In the answer, each line must appear exactly as in the records, and no picture may appear.

INPUT DATA Start Marker

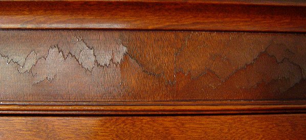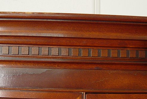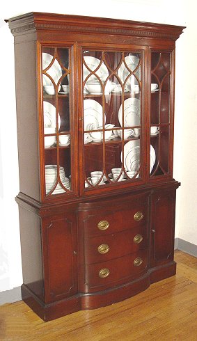 MAHOGANY BREAKFRONT CHINA CABINET: Upper section with straight cornice, dentil molding. Lower section has bowed center of drawers. 71 1/2'' x 44''w.
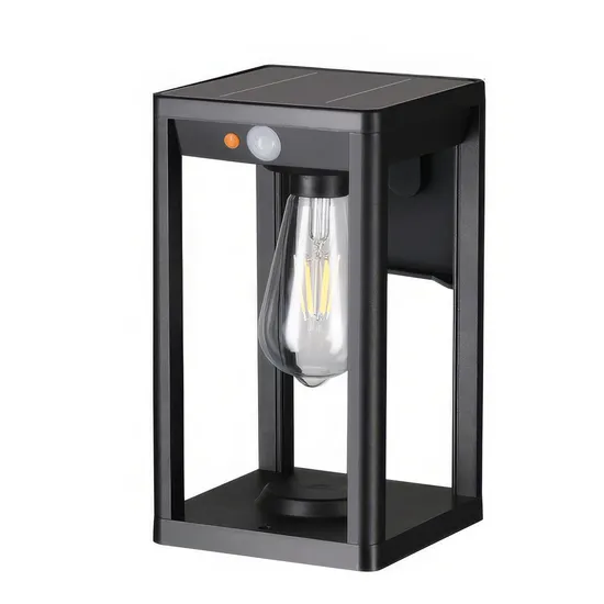 Solar Wall Lights Outdoor & Include Warm and White Bulb This solar porch light features a modern, minimalist design with a slender square shape and clear panels on all four sides, making it ideal for outdoor lighting and decoration. This solar outdoor wall light adds a motion sensor and mode switching feature that is not available in other wired fixtures. The solar powered design provides warm lighting for your home by simply installing it where the sunlight, charging it during the day and automatically lighting it up at night, saving energy and saving you money on your electric bill. (Includes one warm white and cool white E26 type bulb
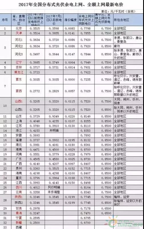 2017年下半年,我國(guó)各省市發(fā)改委相繼公布了本地的最新燃煤機(jī)組標(biāo)桿上網(wǎng)電價(jià)。隨之,我國(guó)各省市分布式光伏余量上網(wǎng)電價(jià)也有了新變化。
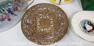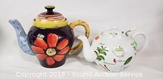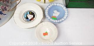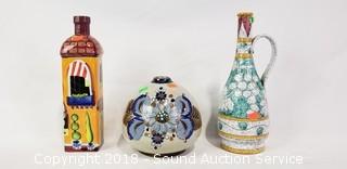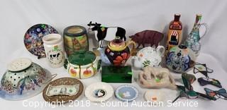 Includes: 7 Stained Glass Art Figures, Box & Decor; Italian Hand Painted bottles, Carved animal sculptures (some chips), Wedgwood Dish, Teapots & more.
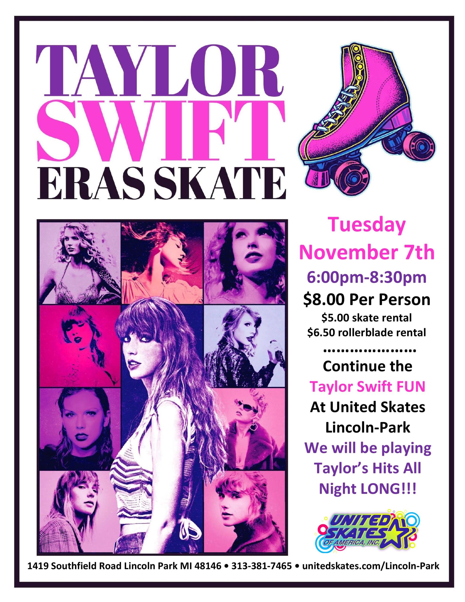 Swifties!!! It's back! We are once again dedicating a whole session to Taylor Swift! We will be playing music from all her era's, from country to pop music Tuesday, November 7th 6:00pm-8:30pm Admission $8.00 Skate Rental $5.00 Rollerblade Rental $6.50 |
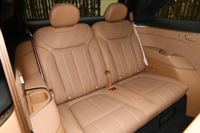 更让人惊喜的是第三排的空间表现,很多六座SUV的第三排都只能应急使用,但乐道L90的第三排,即便我180cm的身高坐进去,腿部和头部也有充足的活动空间,膝盖离第二排座椅仍有一拳距离,日常乘坐成年人完全没有问题。第三排座椅填充物同样厚实,靠背角度舒适,还配备了独立杯架和充电口,没有因为是第三排就忽视细节,让每一位乘客都能感受到被重视。
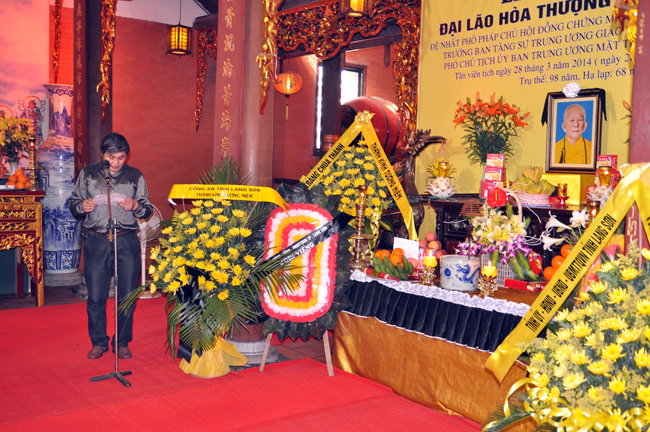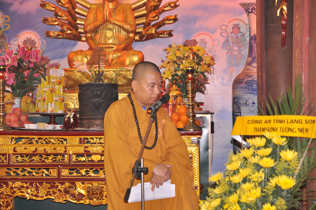 Quang lâm dự lễ tưởng niệm có: Đại đức Thích Quảng Truyền – Ủy viên HĐTS TW GHPGVN – Phó Trưởng Ban Hướng dẫn Phật tử TW – Phó Trưởng Ban Thường trực BTS GHPGVN tỉnh Lạng Sơn; Đại đức Thích Bản Chung – Phó Ban Trị sự GHPGVN tỉnh Lạng Sơn cùng chư tôn đức Tăng Ban Trị sự GHPGVN tỉnh Lạng Sơn; các vị Ủy viên Ban Trị sự GHPGVN; lãnh đạo các Tổ quy trong thành phố Lạng Sơn và hàng nghìn bà con nhân dân Phật tử cũng về dự lễ.
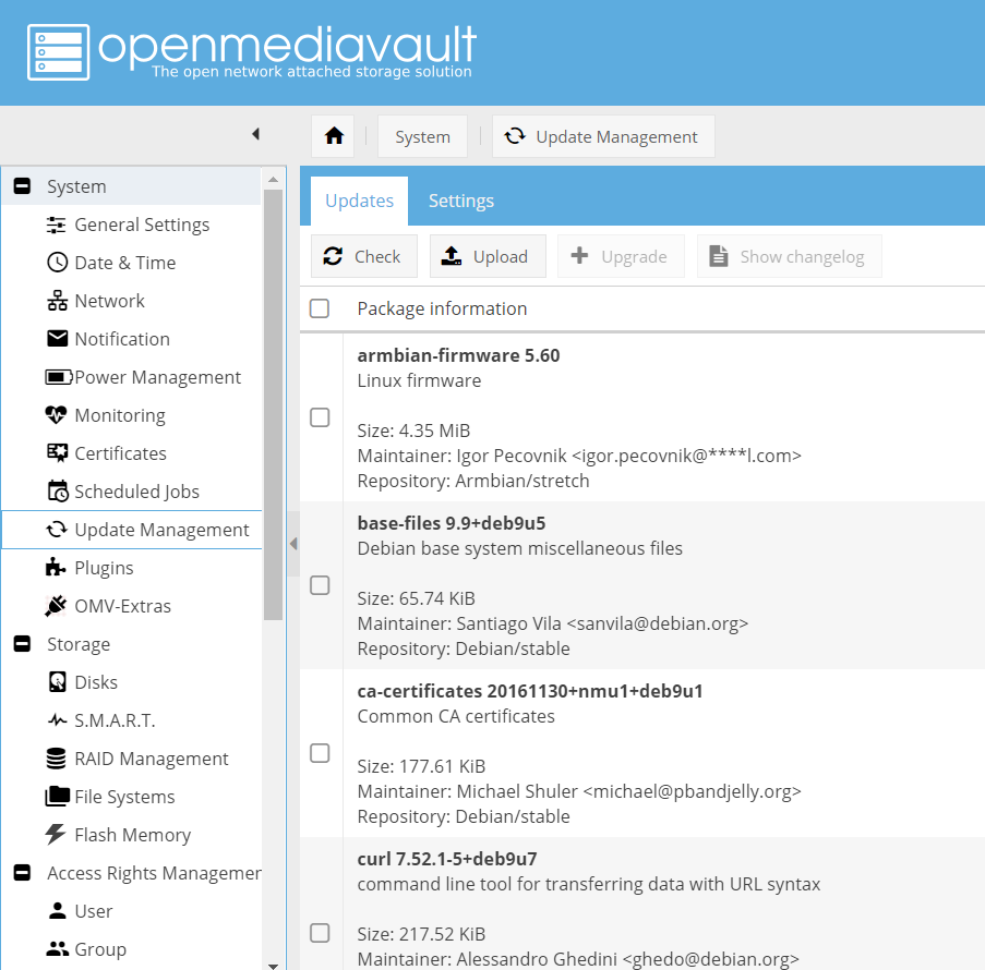 – shellinabox – możliwość zalogowania SSH bezpośrednio przez stronę OMV
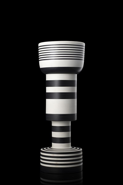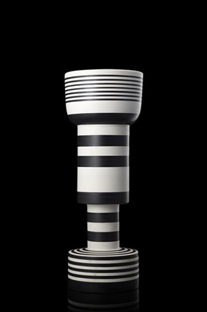 Vaso in terracotta smaltata in nero e bianco con figurazioni geometriche. Manifattura Bitossi, Firenze, 1986. Firmato "SOTTSASS 1986" e con marchio della manifattura. Riedizione dell'originale prodotto nel 1959 (h. cm 47) (lievi difetti)
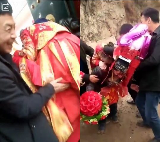 Theo đó, trong một đám cưới diễn ra tại tỉnh Cam Túc vào ngày 18/3 vừa qua, bố chồng buộc phải mặc một bộ trang phục kỳ lạ để cõng con dâu trong trang phục truyền thống vào nhà. Tuy nhiên, trong quá trình này, một đám khách nam đi phía sau lại nhân cơ hội chạm, vỗ vào mông và phần thân dưới của cô dâu khiến cô vô cùng bối rối. Không một chút ngượng ngùng hay xấu hổ, những người đàn ông lại cười khoái chí trước hành động thô lỗ này.

INPUT DATA End Marker

• ANSWER AREA:
 MAHOGANY BREAKFRONT CHINA CABINET: Upper section with straight cornice, dentil molding. Lower section has bowed center of drawers. 71 1/2'' x 44''w.
 Solar Wall Lights Outdoor & Include Warm and White Bulb This solar porch light features a modern, minimalist design with a slender square shape and clear panels on all four sides, making it ideal for outdoor lighting and decoration. This solar outdoor wall light adds a motion sensor and mode switching feature that is not available in other wired fixtures. The solar powered design provides warm lighting for your home by simply installing it where the sunlight, charging it during the day and automatically lighting it up at night, saving energy and saving you money on your electric bill. (Includes one warm white and cool white E26 type bulb
 2017年下半年,我國(guó)各省市發(fā)改委相繼公布了本地的最新燃煤機(jī)組標(biāo)桿上網(wǎng)電價(jià)。隨之,我國(guó)各省市分布式光伏余量上網(wǎng)電價(jià)也有了新變化。
 Includes: 7 Stained Glass Art Figures, Box & Decor; Italian Hand Painted bottles, Carved animal sculptures (some chips), Wedgwood Dish, Teapots & more.
 Swifties!!! It's back! We are once again dedicating a whole session to Taylor Swift! We will be playing music from all her era's, from country to pop music Tuesday, November 7th 6:00pm-8:30pm Admission $8.00 Skate Rental $5.00 Rollerblade Rental $6.50 |
 更让人惊喜的是第三排的空间表现,很多六座SUV的第三排都只能应急使用,但乐道L90的第三排,即便我180cm的身高坐进去,腿部和头部也有充足的活动空间,膝盖离第二排座椅仍有一拳距离,日常乘坐成年人完全没有问题。第三排座椅填充物同样厚实,靠背角度舒适,还配备了独立杯架和充电口,没有因为是第三排就忽视细节,让每一位乘客都能感受到被重视。
 Quang lâm dự lễ tưởng niệm có: Đại đức Thích Quảng Truyền – Ủy viên HĐTS TW GHPGVN – Phó Trưởng Ban Hướng dẫn Phật tử TW – Phó Trưởng Ban Thường trực BTS GHPGVN tỉnh Lạng Sơn; Đại đức Thích Bản Chung – Phó Ban Trị sự GHPGVN tỉnh Lạng Sơn cùng chư tôn đức Tăng Ban Trị sự GHPGVN tỉnh Lạng Sơn; các vị Ủy viên Ban Trị sự GHPGVN; lãnh đạo các Tổ quy trong thành phố Lạng Sơn và hàng nghìn bà con nhân dân Phật tử cũng về dự lễ.
 – shellinabox – możliwość zalogowania SSH bezpośrednio przez stronę OMV
 Vaso in terracotta smaltata in nero e bianco con figurazioni geometriche. Manifattura Bitossi, Firenze, 1986. Firmato "SOTTSASS 1986" e con marchio della manifattura. Riedizione dell'originale prodotto nel 1959 (h. cm 47) (lievi difetti)
 Theo đó, trong một đám cưới diễn ra tại tỉnh Cam Túc vào ngày 18/3 vừa qua, bố chồng buộc phải mặc một bộ trang phục kỳ lạ để cõng con dâu trong trang phục truyền thống vào nhà. Tuy nhiên, trong quá trình này, một đám khách nam đi phía sau lại nhân cơ hội chạm, vỗ vào mông và phần thân dưới của cô dâu khiến cô vô cùng bối rối. Không một chút ngượng ngùng hay xấu hổ, những người đàn ông lại cười khoái chí trước hành động thô lỗ này.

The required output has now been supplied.